You'll meet people  I can't say that I'm a south type or a north type...I'm kinda a "when in Rome" type I guess. You can meet friends anywhere


----------



## Fern Modena (Jun 23, 2015)

Ah, dear, but it is all about the planning, and what you are willing to do to plan for your future. I was married in 1978, and lived in an apartment for the first few years. When we bought our first house, after about five years, we bought a smallish house an hour away from work because that was all we could afford. Many of my coworkers lived in closer houses, but they weren't paying child support. I chose to fall in love with a man who had four children by his "practice wife," and who was honorable enough to always support his children.

From the first we did without, paying social security, pension deductions, paying into 457 accounts, bimonthly $100. savings bonds (for "someday when we could go to Europe." We spent five weeks there in 1999, including a cruise and two timeshare weeks), health and disability insurance, etc. My "take home" pay rarely exceeded my deductions.

When we moved here twelve years ago, we had to take a mortgage for part of the cost of our house, but we figured what we could afford before we decided to move. Moving from high cost California helped, once the courts decided that "source taxes" were illegal. Otherwise I don't know if we would have moved.

When housing was booming, many of our acquaintances began using their houses as their personal ATM's, re-fiing and taking money out several times. Then the economy crashed, and they were left with mortgages that were more than their houses were worth. Several people I knew walked away from their houses and left the state, going to live with children. I felt (somewhat) sorry for them, but it is poor planning to depend on your house prices to sustain such an increase.

Fern





mpumilia said:


> Yeah- well taxes weren't high back in 1977 when we got married and bought our first house- a handyman special- at age 21. Did not ever imagine them getting this high. We did a lot of things right, but who knew the economy in our area would change?

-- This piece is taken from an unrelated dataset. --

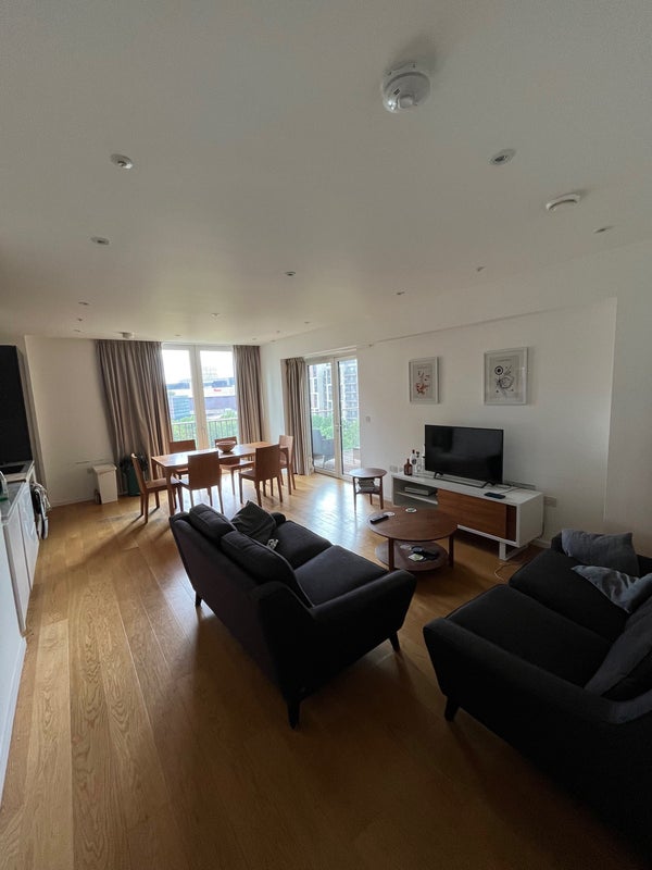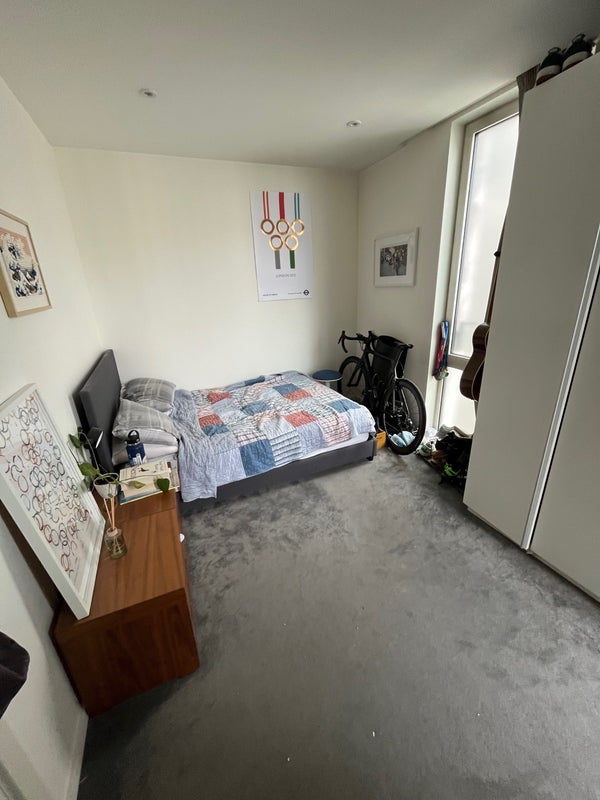 The flat is a short walk from Hackney Wick, Stratford station, and Westfield.

We didn't have a crystal ball back then- wish we did!


----------



## WinniWoman (Jun 23, 2015)

Fern Modena said:


> Ah, dear, but it is all about the planning, and what you are willing to do to plan for your future. I was married in 1978, and lived in an apartment for the first few years. When we bought our first house, after about five years, we bought a smallish house an hour away from work because that was all we could afford. Many of my coworkers lived in closer houses, but they weren't paying child support. I chose to fall in love with a man who had four children by his "practice wife," and who was honorable enough to always support his children.
> 
> From the first we did without, paying social security, pension deductions, paying into 457 accounts, bimonthly $100. savings bonds (for "someday when we could go to Europe." We spent five weeks there in 1999, including a cruise and two timeshare weeks), health and disability insurance, etc. My "take home" pay rarely exceeded my deductions.
> 
> ...



I am the epidemy of a planner- OCD. That is why I never had any issues with exchanging our timeshare! LOL!

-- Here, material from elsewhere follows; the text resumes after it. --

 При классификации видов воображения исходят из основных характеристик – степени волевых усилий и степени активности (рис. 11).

Not only that- I am very frugal and so is my husband. Our house has been paid off for many years. Our original mortgage was a 15 year and we even paid that off early, so no issues. No debt. Been putting money in an IRA since I was in my 20's. I am no dope and beyond responsible- maybe too much so!

However- you can only plan so much because life is what happens when you are making other plans as the saying goes. We couldn't just pick up and move, even though we wanted to when the housing boom occurred and we could have gotten great money for the house. We had gone through job changes and my husband needed to get rooted in a company for awhile. Our son was in high school. Hubby's  sisters over a few years both became ill and eventually died. I had my elderly parents to deal with, who are now deceased. Things happen to people and their families.  Unfortunately, the boom times didn't continue to give us a chance to regroup. That's life. 

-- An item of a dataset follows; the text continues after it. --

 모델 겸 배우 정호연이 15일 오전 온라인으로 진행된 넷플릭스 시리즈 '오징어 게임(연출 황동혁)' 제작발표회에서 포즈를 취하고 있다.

I guess maybe for some people they plan  and maybe have better luck and their lives just are rolled up in one neat little package and everything works out for them, but not so for everybody.

This all said- looking forward to leaving the grind someday- I have lot's of plans- a BIG list! Some will hopefully happen and I am sure others won't but that's the way it is!


----------



## WinniWoman (Jun 23, 2015)

FLDVCFamily said:


> Could it be sold as a second home? My folks finally sold their second home in the boonies of NH, but it was on the market for 2 years. I'm fairly certain that it was bought as a second home.




I don't care how it is sold when the times comes, as long as it is sold. Is possible. The thing that will be key is if we can get enough money from the sale to purchase something else because we will not dip into our savings to make up any big difference. Right now our house- which was new when we bought it in 1987 and pumped a couple hundred thousand into over the years, (we are in year 4 of a 5 year remodeling plan right now  in fact) has barely appreciated. I am talking like maybe $50,000 since 1987! Most anything I have seen costs at least $100,000 more than we could get for our house, and I am talking fairly modest- even condos- in NH. VT we could do better. Obviously down south would be cheaper overall. But- we have several years yet, so maybe things will turn. Who knows what's to be anyway?


----------



## WinniWoman (Jun 23, 2015)

LisaH said:


> If you can afford to buy a house in HI, it would be a nice place to retire. Sales tax is low (4%ish), and property tax is even lower. For a 700K house, the property tax is less than $2000 a year. See this listing.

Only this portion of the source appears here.